Born in 1947, Prof. Reiko Kishi was a medical student when she first learned about the victims of the Minamata mercury poisoning. Thereafter she began to study toxicology and obtained her PhD from Hokkaido University (1977). In 1990, she received an MPH degree from the School of Public Health, Harvard University. In 1997, she was the first woman to become a full professor of the Department of Public Health Sciences at Hokkaido University. She is currently a Distinguished Professor of Hokkaido University, Center for Environmental and Health Sciences.
She was a trailblazer in the elucidation of various health impacts of developmental exposure to low-level environmental chemicals in birth cohort studies. The Hokkaido Study of Environment and Children’s Health (N=514 and 20,926) was launched in 2002. The most remarkable feature of this study is that it is a study of the effects of general background levels of chemicals in the environment. Her group discovered that chemicals such as PFASs have effects on birth weight, and immune function. In addition, they found strong evidence of endocrine disruptions caused in utero in humans. An increase in maternal dioxin, PFASs and MEHP was found to be related to some sex hormone levels in cord blood. Her work emphasizes the life course approach, focusing on the early life period as it sets the stage for lifelong health. In the last 20 years, her group has published more than 150 original research papers from the cohort. Their biomolecular studies revealed that even with a similar level of exposure to chemicals, genetic polymorphisms such as those in aryl hydrocarbon receptors, and drug-metabolizing enzymes were associated with large differences in fetal effects.

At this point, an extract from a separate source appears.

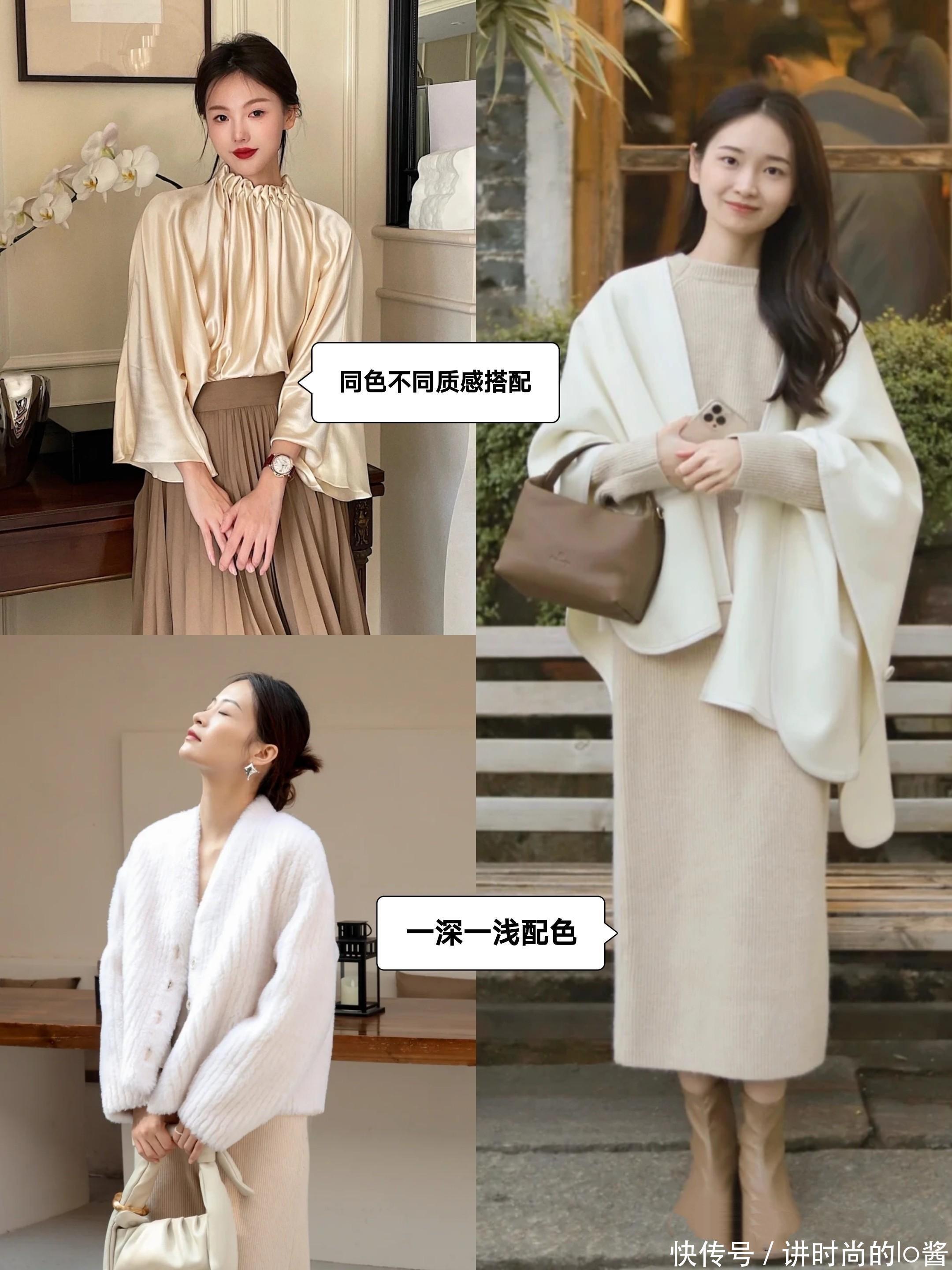 其实贵妇色的挑选并不多,我们只需要围绕着贵妇感去选择,就能够成功的缩小范围。相比起过于休闲的冷白色,更推荐大家选择偏暖调的米色,穿在身上十分温柔贵气,而且还能有效的衬托肤色。

She has also used environmental epidemiology to influence public policy. From 2005, as a member of the Science Council of Japan she organized several committees that issued more than ten recommendations to the government and academia. In 2011, after the great East Japan earthquake and the Fukushima nuclear accident, she used environmental epidemiology to effect public policy. As the Chair of the Food Hygiene Council of the Japan Committee of the Ministry of Health, Labor and Welfare, she worked to codify the safety limits for the level of radiation-contaminated foods in Japan. This contributed to decrease the risk of thyroid cancer in Fukushima.
In 2011, she was a cofounder of the Birth Cohort Consortium of Asia (BiCCA). Since 2015, her center has been a WHO Collaborating Centre for Environmental Health and Prevention of Chemical Hazards and she has been its director. She has been a member of the ISEE Asia and Western Pacific Chapter Executive Council since 2014 and was the president of the 4th ISEE & ISES (joint) Asian Chapter Meeting. (2016)
As she noted in two of her recently published books, Health Impacts of Developmental Exposure to Environmental Chemicals, and Indoor Environmental Quality and Health Risk Toward Healthier Environment for All, Springer Nature, 2020, the accumulation of scientific knowledge and reinforcement of political actions based on scientific evidence are exceedingly important and of key significance for SDGs.